Insects are key to migratory bird nourishment and survival

Bird migration is an annual journey involving the mass movement of birds across vast distances – a complex phenomenon that captures the attention of scientists and citizens alike. The success of bird migration and sustaining avian populations depends on adequate nourishment along the journey.

In the United States, birds will fly north in the spring and migrate south in the Fall along flyways to take advantage of areas with higher or increasing resources – such as food or nesting locations. Along this journey and at nesting locations, insects provide essential energy for migratory birds and their survival.

This year’s World Migratory Day  is a call for proactive conservation as the loss and disturbance of insect populations along avian migratory routes and at breeding sites, along with habitat fragmentation threaten migration and breeding.

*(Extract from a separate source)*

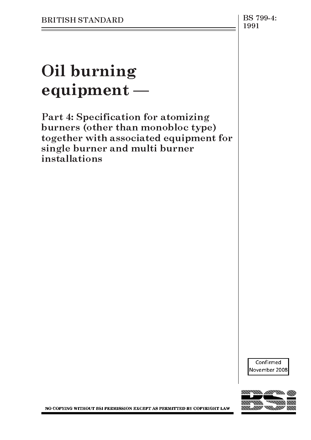 Oil burning equipment Specification for atomizing burners (other than monobloc type) together with associated single burner and multi installations

Bringing to life the interdependence of insects and birds

Through art – Anna Rose translates the essential role insects play in bird nourishment and survival along their migration routes.

For this year’s WMBD theme – Protect Birds, Protect Insects, Anna has created educational pieces for the Americas Flyway focused on seven bird species and seven insects.

A few of the Americas Flyway species featured include the American kestrel and the Broad-tailed hummingbird and the insects (Red-legged Grasshopper and the Mayfly respectively) that are key food sources for the featured birds.

American kestral by Anna RoseRed-legged Grasshopper by Anna Rose.

“Each of the insects I drew are tied to one of the bird species and serve as primary food sources for that particular species,” Anna said. All of the featured insects and birds shown on the 2024 World Migratory Bird Day poster were created by Anna.

The Broad-tailed hummingbird by Anna Rose.Mayfly by Anna Rose.

“Insects are vital protein and a good source of fats for nestlings and the next generation of birds,” said Anna Rose, featured artist for World Migratory Bird Day.


Soon to be released are nine more birds and three more insects Anna drew for the other three flyway partnerships.

A magnificent journey

As an undergraduate Anna studied the flocking behavior of White Throated Sparrows at the Olentangy River Wetland Research Park and as a graduate student is currently working with the Forest Bird and Landscape Ecology Lab to study the impacts of ticks on nesting birds in southeastern Ohio.

An avid sketcher, Anna draws inspiration from nature – drawing ideas and sketching the nature she encounters daily.

“Becoming a field sketching artist and scientific illustrator has allowed me to hone my skills in observing nature to notice details that would escape most viewers,” Anna said. “Viewing the world through an artistic lens helps me to communicate science and become a more efficient and critical scientist.”

Anna credits serendipity played a role in being named this year’s featured artist. Supported through funding by the School of Environment and Natural Resources to present a poster on her undergraduate research at the American Ornithology Society Annual Conference she had the chance encounter of meeting representatives of Environment for the Americas, who were also in attendance. This chance meeting coupled with a portfolio of sketches in hand propelled Anna on this magnificent journey.